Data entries
┌────────
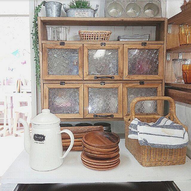Rieさんはキッチンカウンター上のスペースを利用して、棚をDIYされたそうです。フォトフレームで作った扉が見た目もかわいく、目隠しにもなっていていいですね。上の看板と組み合わせると、まるでお店のようです♪
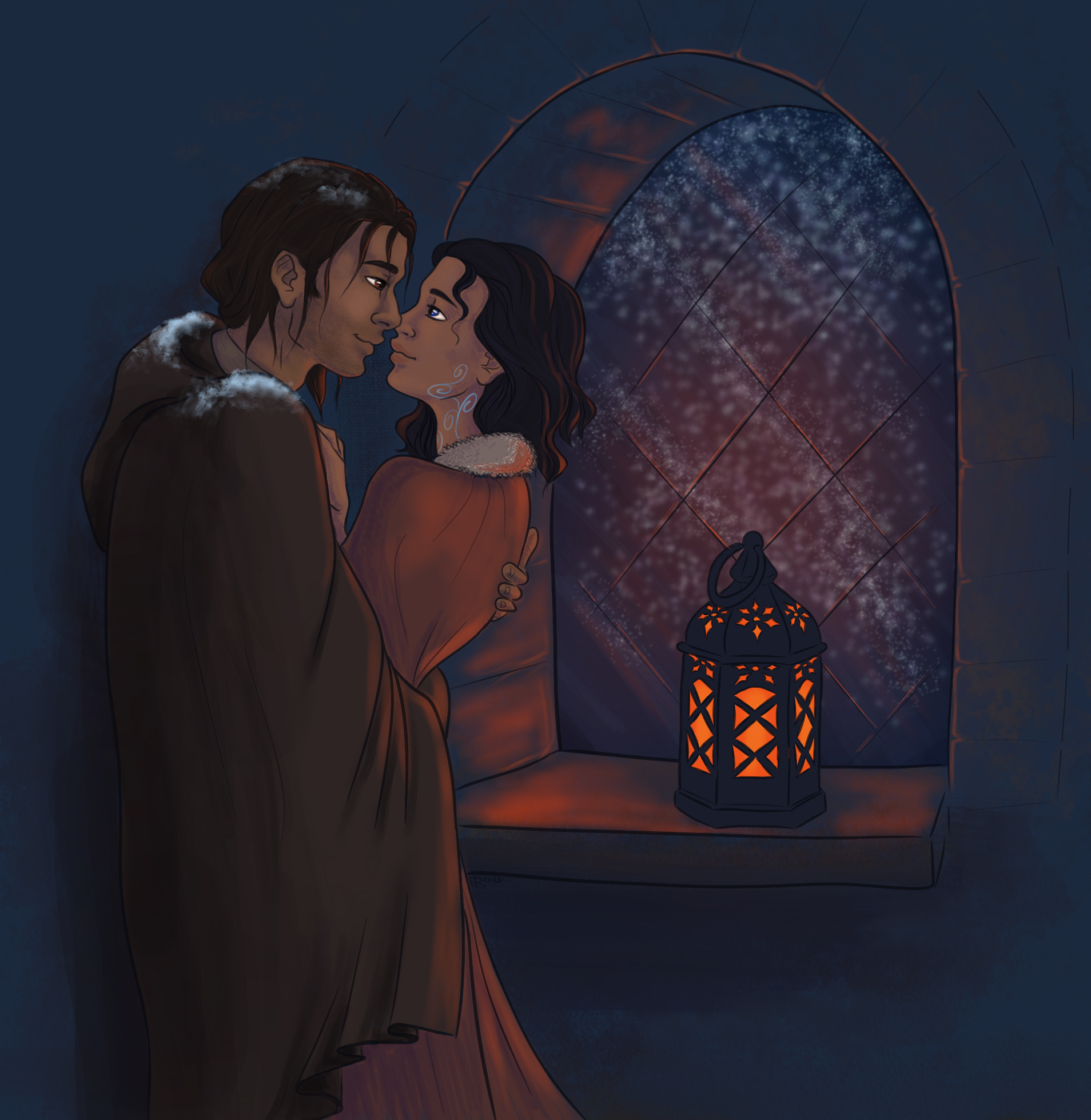 He wrapped his cloak around them both, and she turned around in his embrace. She studied his face in the soft light, the faint smile on his lips, the glow of the lantern reflected in his eyes. The way he looked at her, as if she was something sacred.
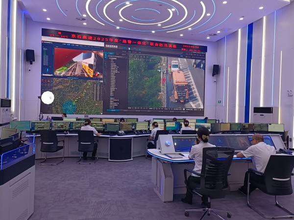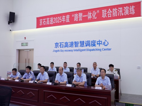此次演練采取實戰(zhàn)聯(lián)合、多點同步的演練方式,同時進行高速公路邊坡水毀、上游泄洪危及橋梁、收費站站區(qū)防汛三種突發(fā)事件的應急演練,由智慧調(diào)度中心啟動聯(lián)合演練,路警聯(lián)合指揮中心實施指揮調(diào)度。
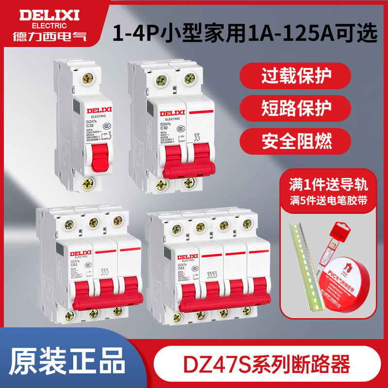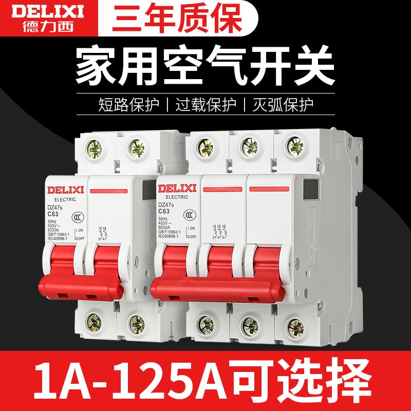 德力西dz47s空气开关1p家用空开2p3p4p小型断路器总电闸16a32a63a
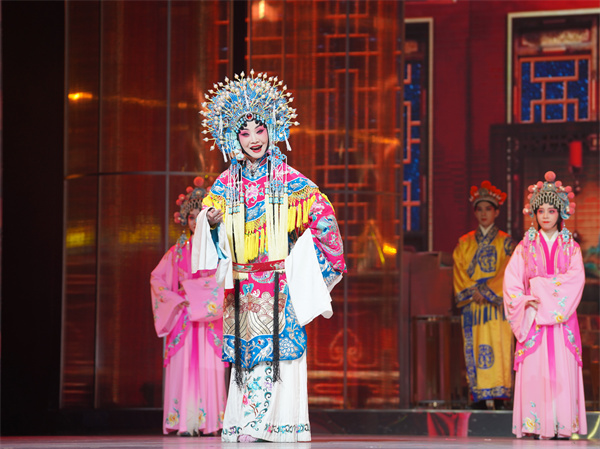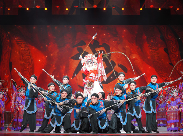 第27屆梅花獎獲得者楊霞云、第30屆梅花獎獲得者樓勝為大家?guī)礞膭 赌鹿鹩⒋笃铺扉T陣》選段,氣吞山河,英姿絕代。
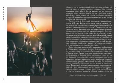 Nav jābūt dzimušam Japānā, lai atrastu savu ikigai (dzīves mērķi), atklātu īslaicīgā un nepabeigtā skaistumu (wabi-sabi), saskatītu skaistumu nepilnīgumā un godinātu grūtības un pārbaudījumus, kas atstāj iespaidu uz mums (kintsugi). Japāņi zina, kā apvienot miesas priekus un garīgās prakses, sākot no shinrin-yoku ("meža pirtis"), kaligrāfijas un ikebanas līdz tējas ceremonijai, mājas dizainam un īpašām attiecībām ar ēdienu. Šī grāmata palīdzēs jums kļūt apzinātākiem un laimīgākiem, ieviešot japāņu kultūras un pasaules uzskata elementus savā ikdienas dzīvē. Izdevumā ir daudz krāsainu fotogrāfiju un ilustrāciju, ko veidojis populārais mūsdienu japāņu mākslinieks Ryo Takemasa. "Es vēlos pamodināt jūsos vēlmi no jauna paskatīties uz savu dzīvi un bagātināt un izdaiļot to." (Erin Niimi Longhurst)
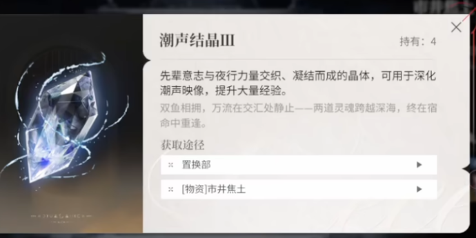 需特别说明的是,潮声结晶仅可通过完成指定难度层级的市井焦土副本获得,无法通过其他日常活动或商城兑换获取。因此,持续优化角色练度、打磨阵容适配性、精进实操微操水平,是稳定获取该资源的唯一可行路径。建议玩家将阶段性资源投入聚焦于核心三角色培养,形成可持续强化循环,从而在后续更高难度内容中建立稳固战力基础。
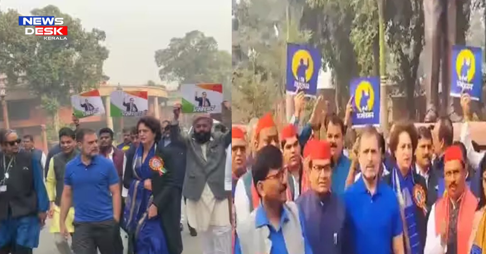 എന്ഡിഎ- ഇന്ത്യ സഖ്യ എംപിമാര് നേര്ക്കുനേര് നിന്ന് മുദ്രാവാക്യം മുഴക്കി. പ്രിയങ്ക ഗാന്ധിയുടെ നേതൃത്വത്തില് കോണ്ഗ്രസ് എംപിമാര് ബിജെപി പ്രതിഷേധത്തിനിടയിലേക്ക് കയറിയതോടെ സംഘര്ഷാവസ്ഥയിലേക്ക് സ്ഥിതിയെത്തി.നീല നിറത്തിലുള്ള വസ്ത്രങ്ങള് അണിഞ്ഞാണ് പ്രതിഷേധം.
└────────
In the entries above, which lines run from the one with "此次演練采取實戰(zhàn)" up to and including the one with "第27屆梅花獎獲得者楊霞云、"? Write them out exactly, without the pictures.

此次演練采取實戰(zhàn)聯(lián)合、多點同步的演練方式,同時進行高速公路邊坡水毀、上游泄洪危及橋梁、收費站站區(qū)防汛三種突發(fā)事件的應急演練,由智慧調(diào)度中心啟動聯(lián)合演練,路警聯(lián)合指揮中心實施指揮調(diào)度。
 德力西dz47s空气开关1p家用空开2p3p4p小型断路器总电闸16a32a63a
 第27屆梅花獎獲得者楊霞云、第30屆梅花獎獲得者樓勝為大家?guī)礞膭 赌鹿鹩⒋笃铺扉T陣》選段,氣吞山河,英姿絕代。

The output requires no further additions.